Divisors $1\bmod 4$ more than $3\bmod 4$

Question

For any positive integer $n$, let $f(n)$ denote the number of positive divisors of $n$ which are $1\bmod 4$, and $g(n)$ denote the number of positive divisors of $n$ which are $3\bmod 4$. Is it true that $f(n)\geq g(n)$ always? It seems to be true for $n$ at least up to $50$.

Answer 1

Hint: Let $D_1(n)$ be the number of divisors of $n$ of the form $4k+1$, and let $D_3(n)$ be the number of divisors of $n$ of the form $4k+3$. Show that $D_1(n)-D_3(n)$ is a multiplicative function.

Calculation of $D_1(n)-D_3(n)$ for prime powers is easy.

Remark: A nice theorem of Jacobi shows that the number of ordered pairs $(x,y)$ of integers such that $n=x^2+y^2$ is $4(D_1(n)-D_3(n))$.

Answer 2

First prove that if $n=ab2^k$ where $a$ has only prime factors of the form $4n+3$ and $b$ has only prime factors of the form $4n+1$, then $f(n)=d(b)f(a)$ and $g(n)=d(b)g(a)$, where $d(b)$ is the number of divisors of $b$.

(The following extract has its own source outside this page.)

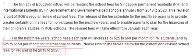 新加坡教育部出台规定,2018年1月起,就读小学的永久居民学生每月学费将上调25元至155元,接下来至2020年,每年的学费也会上调25元。就读中学的永久居民和外籍学生,学费的增幅介于60元至150元。新加坡教育部在这之前也曾于2013年与2011年调高非公民学生的学费,进一步区分公民与非公民的利益。

Thus it is sufficient to prove it for numbers whose prime factors are all $3$ modulo $4$, so assume that. If at least one of the exponents in the prime factorization is odd, then $f(n)=g(n)$. So assume the exponents are all even. Then, by induction on the number of prime factors we can see that $f(n)=g(n)+1$.

Answer 3

Yet another solution: The result is easily proved when $n$ is a prime power. If $\gcd(a,b)=1$ then $f(ab)=f(a)f(b)+g(a)g(b)$ and $g(ab)=f(a)g(b)+g(a)f(b)$, and so $f(ab)\ge g(ab)$ by the rearrangement inequality. Now proceed by induction.